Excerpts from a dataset
::::

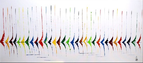 This abstract sailboat painting is made in rainbow colors on a white background. A matte finish conserves the beauty of your piece.
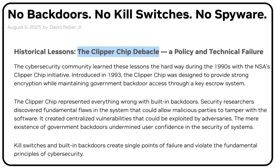 英伟达在随后的自辩声明中提到,芯片没有“后门”,他们还专门提到了“Clipper芯片”事件。
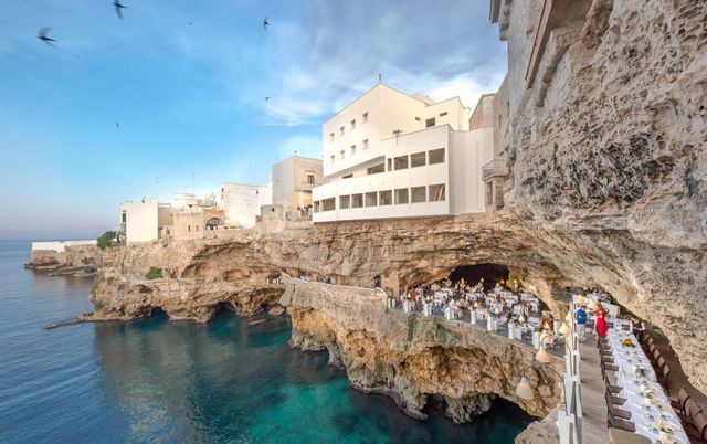 你可以在这里吃到意大利的各色美食以及全球精选食物,如意大利面、菲亚诺干白、泰式鱿鱼、蒜爆大虾等。饭后可以去波利尼亚诺(Polignano)散步,欣赏这座希腊风情小镇在悬崖边的白色建筑和天然洞穴。
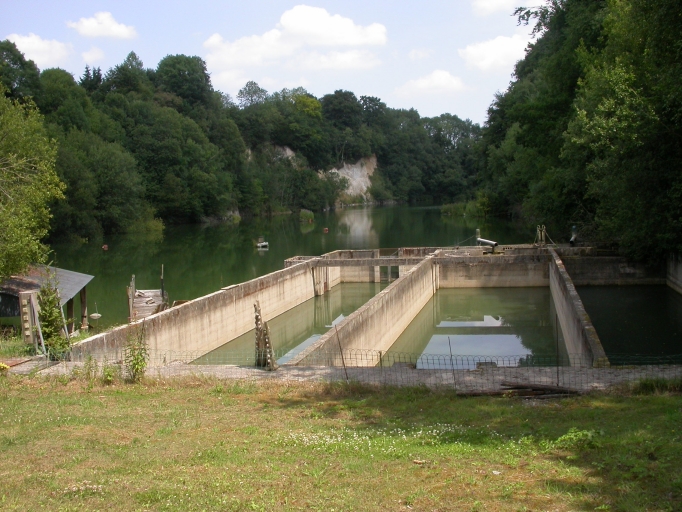 Vue générale de la carrière ; une pisciculture a été installée au cours du dernier quart du 20e siècle.Immatriculation
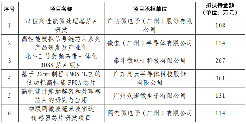 2024年广州市促进工业和信息化产业高质量发展专项资金(芯片产品量产前首轮流片补助方向)拟扶持项目
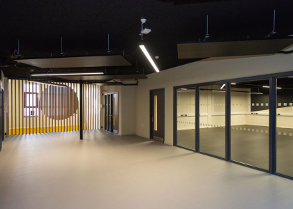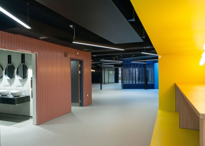 Set over three storeys the facility provides vibrant skills demonstration spaces, breakout areas to encourage student interaction and socialising with booth seating and study pods, production labs and studios, co-working space and recording studios known as ‘sanctums’ to enhance creativity, and all with a firm focus on ensuring comfort for the campuses 300 students. Whilst wholly specialist and bespoke, the spaces are designed with flexibility in mind to ensure the facilities are adaptable to changing educational needs to ensure the investment made here will have long-lasting benefits for all. The contemporary design includes a welcoming foyer area with reception desk and eye-catching staircase to the first floor.
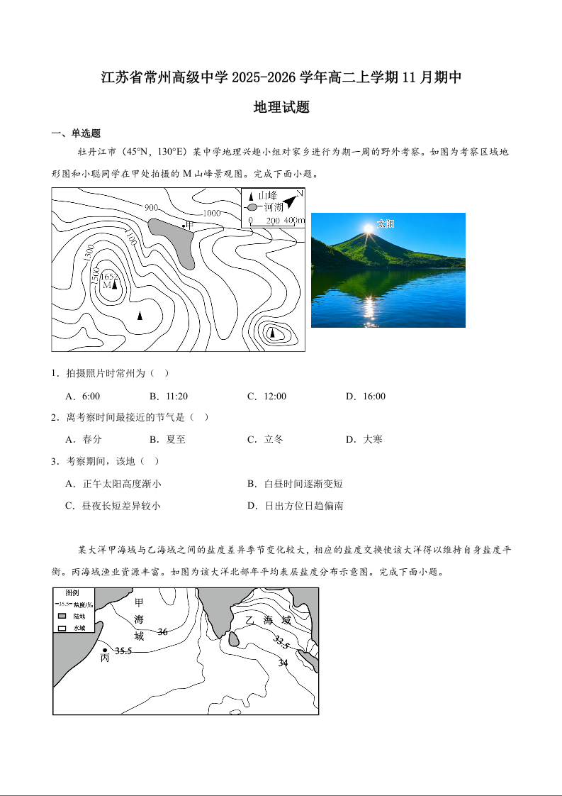 江苏省常州高级中学2025-2026学年高二上学期期中考试 地理试题(含答案).docx
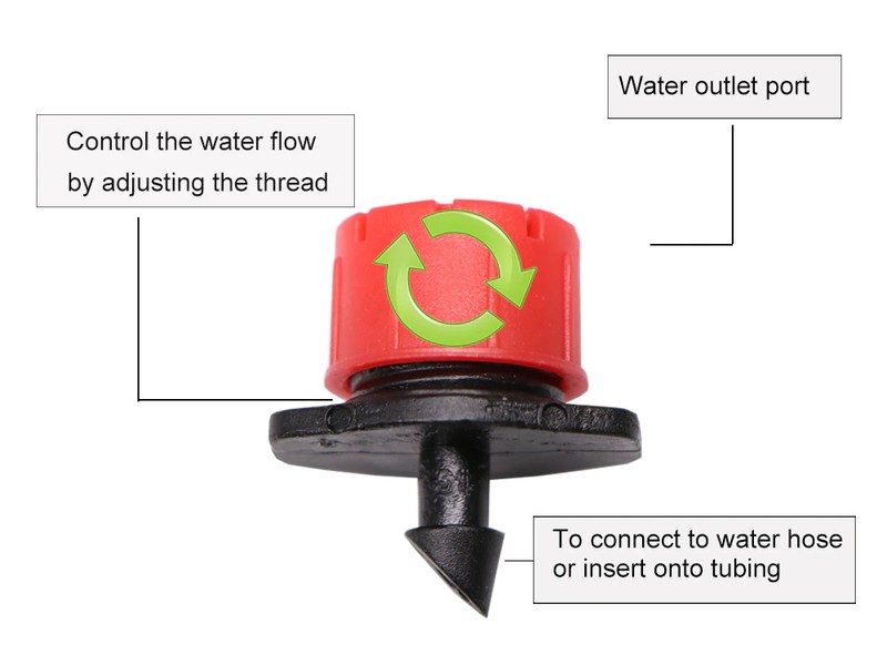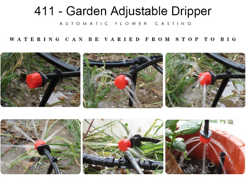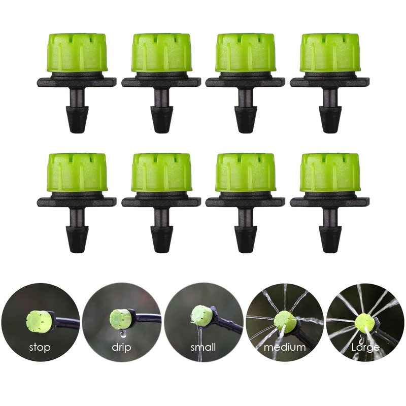 -المنقط قابل للتعديل: 8-منفذ. قابل للتعديل-تعديل التدفق يعني أن تكون مسقاة متنوعة من رذاذ كبير ، إلى نمط تيار لطيف إلى عمل بالتنقيط أو إيقاف تماما. تحكم بسيط في غطاء طرف الإصبع لتعديل التدفق.
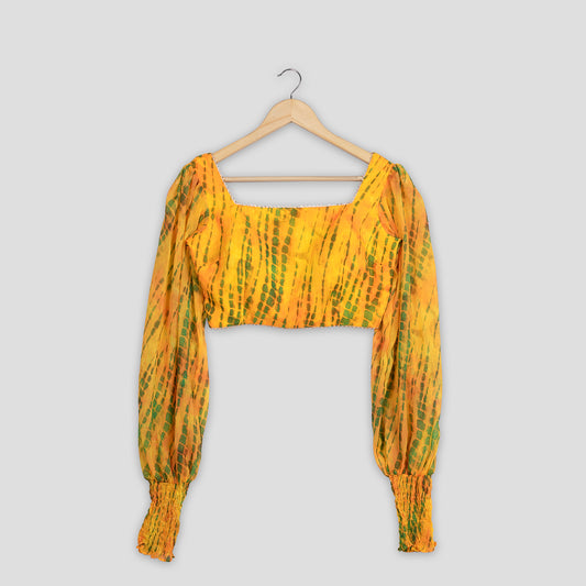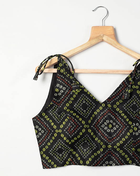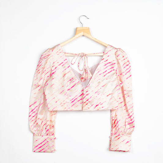 Worldly Wonder: Bandhanii Blouse With Shawl Collar Worldly Wonder: Bandhanii Blouse With Shawl Collar
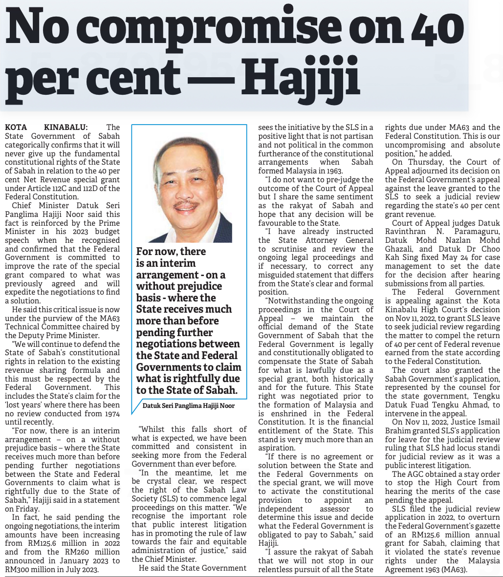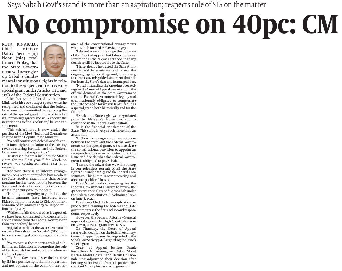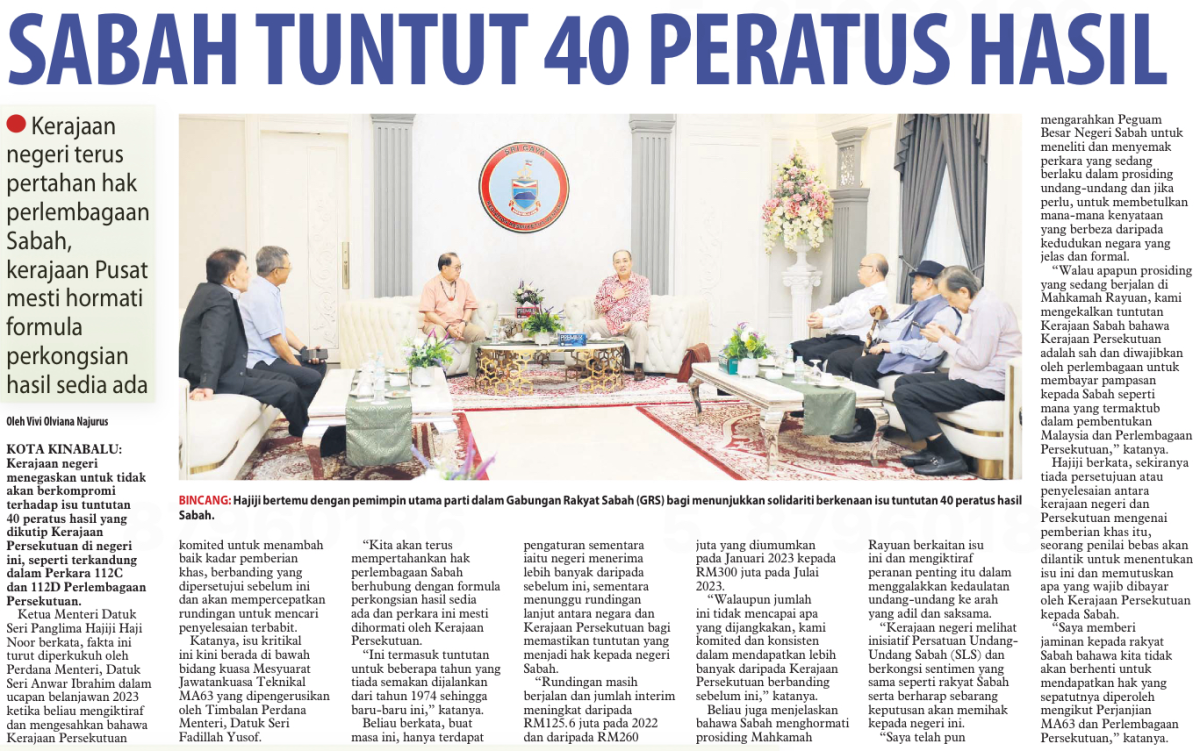 Sabah tuntut 40 peratus hasil

::::

_ACTION ITEM_
The data above needs to be retyped exactly, with the images left out.

_SOLUTION BELOW_
 This abstract sailboat painting is made in rainbow colors on a white background. A matte finish conserves the beauty of your piece.
 英伟达在随后的自辩声明中提到,芯片没有“后门”,他们还专门提到了“Clipper芯片”事件。
 你可以在这里吃到意大利的各色美食以及全球精选食物,如意大利面、菲亚诺干白、泰式鱿鱼、蒜爆大虾等。饭后可以去波利尼亚诺(Polignano)散步,欣赏这座希腊风情小镇在悬崖边的白色建筑和天然洞穴。
 Vue générale de la carrière ; une pisciculture a été installée au cours du dernier quart du 20e siècle.Immatriculation
 2024年广州市促进工业和信息化产业高质量发展专项资金(芯片产品量产前首轮流片补助方向)拟扶持项目
 Set over three storeys the facility provides vibrant skills demonstration spaces, breakout areas to encourage student interaction and socialising with booth seating and study pods, production labs and studios, co-working space and recording studios known as ‘sanctums’ to enhance creativity, and all with a firm focus on ensuring comfort for the campuses 300 students. Whilst wholly specialist and bespoke, the spaces are designed with flexibility in mind to ensure the facilities are adaptable to changing educational needs to ensure the investment made here will have long-lasting benefits for all. The contemporary design includes a welcoming foyer area with reception desk and eye-catching staircase to the first floor.
 江苏省常州高级中学2025-2026学年高二上学期期中考试 地理试题(含答案).docx
 -المنقط قابل للتعديل: 8-منفذ. قابل للتعديل-تعديل التدفق يعني أن تكون مسقاة متنوعة من رذاذ كبير ، إلى نمط تيار لطيف إلى عمل بالتنقيط أو إيقاف تماما. تحكم بسيط في غطاء طرف الإصبع لتعديل التدفق.
 Worldly Wonder: Bandhanii Blouse With Shawl Collar Worldly Wonder: Bandhanii Blouse With Shawl Collar
 Sabah tuntut 40 peratus hasil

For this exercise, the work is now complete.